A strength of this analysis was the use of 15 years of prospectively collected incidence data in small geographical units (electoral wards). Additionally, the measure of remoteness adopted was objective, based upon road distances, and thus has advantages over previously used measures such as urban–rural classifications, which are based upon more subjective judgements and do not necessarily reflect remoteness. Also our findings were little altered after adjustment for spatially correlated extra-Poisson variation, using Bayesian analysis [12], which if present could incorrectly exaggerate the significance of associations. Few previous ecological analyses of type 1 diabetes mellitus incidence rates have made such adjustments [5, 7].

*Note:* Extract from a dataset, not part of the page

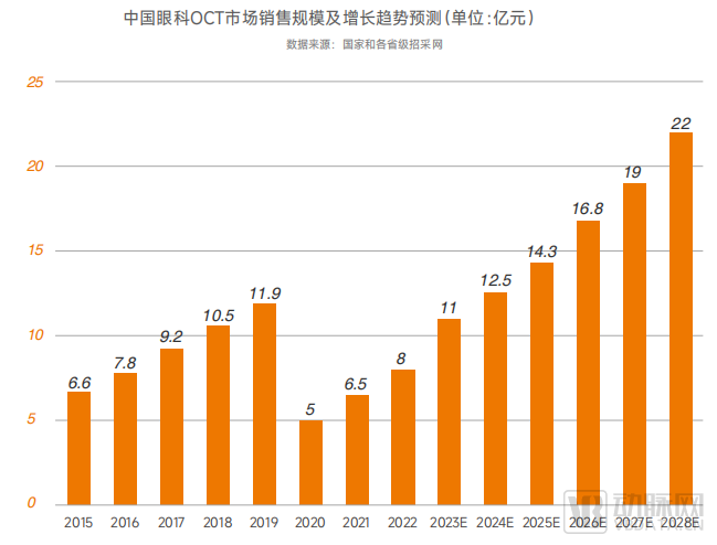 得益于国内眼科OCT产品需求的快速增长,眼科OCT市场销售规模不断扩容。据《2023中高端眼科设备行业白皮书》调研显示,我国眼科OCT市场销售规模从2015年的6.6亿元已增至2023年的11亿元,接近翻一番。

This study also has weaknesses. Small-area analyses rely upon aggregated data and there is the possibility that inferences at area level do not directly transfer to individuals, often referred to as ecological bias. In an attempt to reduce this possibility, the main analysis was conducted using small areas (containing on average 2,900 people and 637 under the age of 15 years). Another weakness of the study was the use of address at the time of diagnosis, which may not be relevant for exposures occurring early in life, e.g. if a child has subsequently moved house. In addition, child population figures from 2001 were used to represent the period 1989 to 2003. Finally, it was not possible to directly adjust the analysis for various potential confounders related to diabetes risk, such as maternal age and breast-feeding, since area level data were not available.

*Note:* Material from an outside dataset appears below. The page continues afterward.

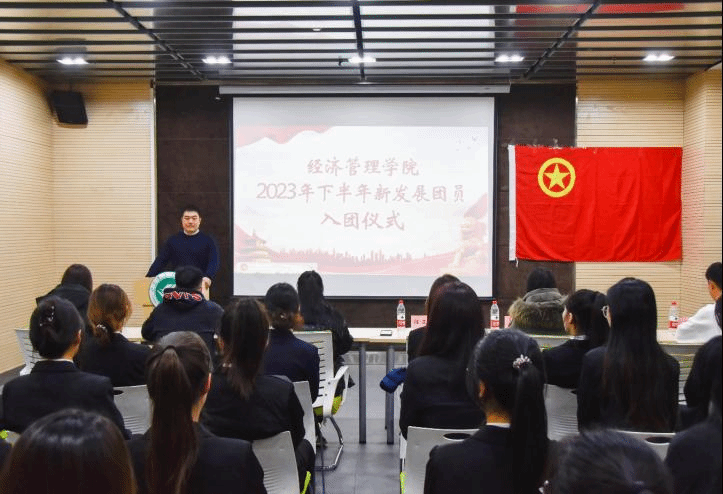 为全面贯彻习近平新时代中国特色社会主义思想和党的二十大精神,深入贯彻习近平总书记关于青年工作的重要思想,落实习近平总书记关于加强团员队伍建设的重要要求,聚焦学校“1158”发展战略,推进学院共青团事业高质量发展。12月27日,经济管理学院举办2023年下半年新发展团员入团仪式。经济管理学院党委副书记任正实,团总支书记、学工办主任夏晓丽,辅导员代表、新发展团员及部分青年学生代表参加本次仪式。

Our finding of a higher incidence of type 1 diabetes in children from remote areas is not consistent with an analysis from Western Australia [9], which detected a lower incidence in remote areas, defined primarily by population density. Although the classification of remoteness differed in the two studies the difference is unlikely to explain the contrasting conclusions. The secondary analysis of deprivation and child population density are consistent with a previous analyses of a subset of these cases over the period 1989–1994 [3] and also with small-area analyses conducted in other countries which have investigated material deprivation [2, 4] and population density [4, 5]. In addition, a number of small-area studies have detected higher incidence rates in rural areas [2, 7], broadly in agreement with our results. In contrast to the Northern Ireland findings, two studies detected lower rates in rural areas in Italy [6] and Lithuania [8]. The contradictory associations noted in Italy and Lithuania may reflect a different rural lifestyle in these countries.

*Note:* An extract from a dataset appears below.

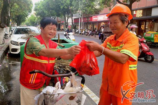 志愿者帶著包好的粽子走訪慰問孤寡老人、環衛工人。(同安區委文明辦供圖)

The hygiene hypothesis suggests that the developing immune system requires stimulation by exposure to infections and other immune challenges to achieve a mature and balanced repertoire of responses [1]. The novel association between remoteness and type 1 diabetes mellitus may provide support for this hypothesis, as intuitively it seems likely that children living in remote areas will have less social contact at an early age, and consequently a reduced or delayed exposure to infections. The increased incidence of type 1 diabetes mellitus may reflect the lack of stimulation of the developing immune system, by exposure to infections, in children living in remote areas. Also in support of the hygiene hypothesis, studies have demonstrated inverse associations between type 1 diabetes mellitus and increased exposure to infections in early life and other proxy measures for infection, including day-care attendance [13].

In conclusion, in Northern Ireland over the period 1989 to 2003, there was evidence that children in remote areas experienced higher rates of type 1 diabetes mellitus, an observation that could reflect the reduced or delayed exposure to infections, particularly early in life, in these areas.